[Dataset extract]
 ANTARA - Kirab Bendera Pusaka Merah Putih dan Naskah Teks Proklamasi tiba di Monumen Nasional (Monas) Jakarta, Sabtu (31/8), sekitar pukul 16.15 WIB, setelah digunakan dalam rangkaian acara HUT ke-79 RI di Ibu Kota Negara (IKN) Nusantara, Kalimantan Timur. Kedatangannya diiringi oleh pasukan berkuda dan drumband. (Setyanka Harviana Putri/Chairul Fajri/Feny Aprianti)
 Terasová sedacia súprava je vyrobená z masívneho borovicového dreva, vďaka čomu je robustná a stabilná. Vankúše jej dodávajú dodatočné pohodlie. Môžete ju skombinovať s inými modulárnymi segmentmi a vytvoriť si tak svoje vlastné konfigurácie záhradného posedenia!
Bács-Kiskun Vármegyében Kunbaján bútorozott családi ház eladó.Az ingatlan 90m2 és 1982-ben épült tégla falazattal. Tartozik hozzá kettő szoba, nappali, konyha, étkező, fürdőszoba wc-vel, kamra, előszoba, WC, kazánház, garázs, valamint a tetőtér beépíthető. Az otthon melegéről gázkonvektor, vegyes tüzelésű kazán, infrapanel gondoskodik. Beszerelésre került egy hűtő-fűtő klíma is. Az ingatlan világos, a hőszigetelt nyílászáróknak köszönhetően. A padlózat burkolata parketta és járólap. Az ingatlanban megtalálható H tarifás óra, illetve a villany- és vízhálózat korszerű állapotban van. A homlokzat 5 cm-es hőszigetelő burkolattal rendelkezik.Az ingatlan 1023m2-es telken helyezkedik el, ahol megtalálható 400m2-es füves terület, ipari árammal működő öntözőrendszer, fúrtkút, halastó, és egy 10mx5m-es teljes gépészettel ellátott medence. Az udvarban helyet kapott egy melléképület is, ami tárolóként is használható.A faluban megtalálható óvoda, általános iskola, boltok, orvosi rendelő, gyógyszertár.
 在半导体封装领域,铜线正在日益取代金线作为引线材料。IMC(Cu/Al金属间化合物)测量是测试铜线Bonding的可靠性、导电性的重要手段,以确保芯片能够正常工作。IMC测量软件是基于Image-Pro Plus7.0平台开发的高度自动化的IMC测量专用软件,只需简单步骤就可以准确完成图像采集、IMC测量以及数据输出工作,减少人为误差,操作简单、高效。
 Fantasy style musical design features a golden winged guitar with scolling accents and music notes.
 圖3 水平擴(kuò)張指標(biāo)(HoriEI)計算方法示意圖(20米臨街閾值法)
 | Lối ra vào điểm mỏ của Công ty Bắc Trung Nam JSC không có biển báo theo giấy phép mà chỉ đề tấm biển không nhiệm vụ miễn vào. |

[Exercise aim] Go through the records and repeat each one exactly as written.

[Result for this exercise]
 ANTARA - Kirab Bendera Pusaka Merah Putih dan Naskah Teks Proklamasi tiba di Monumen Nasional (Monas) Jakarta, Sabtu (31/8), sekitar pukul 16.15 WIB, setelah digunakan dalam rangkaian acara HUT ke-79 RI di Ibu Kota Negara (IKN) Nusantara, Kalimantan Timur. Kedatangannya diiringi oleh pasukan berkuda dan drumband. (Setyanka Harviana Putri/Chairul Fajri/Feny Aprianti)
 Terasová sedacia súprava je vyrobená z masívneho borovicového dreva, vďaka čomu je robustná a stabilná. Vankúše jej dodávajú dodatočné pohodlie. Môžete ju skombinovať s inými modulárnymi segmentmi a vytvoriť si tak svoje vlastné konfigurácie záhradného posedenia!
Bács-Kiskun Vármegyében Kunbaján bútorozott családi ház eladó.Az ingatlan 90m2 és 1982-ben épült tégla falazattal. Tartozik hozzá kettő szoba, nappali, konyha, étkező, fürdőszoba wc-vel, kamra, előszoba, WC, kazánház, garázs, valamint a tetőtér beépíthető. Az otthon melegéről gázkonvektor, vegyes tüzelésű kazán, infrapanel gondoskodik. Beszerelésre került egy hűtő-fűtő klíma is. Az ingatlan világos, a hőszigetelt nyílászáróknak köszönhetően. A padlózat burkolata parketta és járólap. Az ingatlanban megtalálható H tarifás óra, illetve a villany- és vízhálózat korszerű állapotban van. A homlokzat 5 cm-es hőszigetelő burkolattal rendelkezik.Az ingatlan 1023m2-es telken helyezkedik el, ahol megtalálható 400m2-es füves terület, ipari árammal működő öntözőrendszer, fúrtkút, halastó, és egy 10mx5m-es teljes gépészettel ellátott medence. Az udvarban helyet kapott egy melléképület is, ami tárolóként is használható.A faluban megtalálható óvoda, általános iskola, boltok, orvosi rendelő, gyógyszertár.
 在半导体封装领域,铜线正在日益取代金线作为引线材料。IMC(Cu/Al金属间化合物)测量是测试铜线Bonding的可靠性、导电性的重要手段,以确保芯片能够正常工作。IMC测量软件是基于Image-Pro Plus7.0平台开发的高度自动化的IMC测量专用软件,只需简单步骤就可以准确完成图像采集、IMC测量以及数据输出工作,减少人为误差,操作简单、高效。
 Fantasy style musical design features a golden winged guitar with scolling accents and music notes.
 圖3 水平擴(kuò)張指標(biāo)(HoriEI)計算方法示意圖(20米臨街閾值法)
 | Lối ra vào điểm mỏ của Công ty Bắc Trung Nam JSC không có biển báo theo giấy phép mà chỉ đề tấm biển không nhiệm vụ miễn vào. |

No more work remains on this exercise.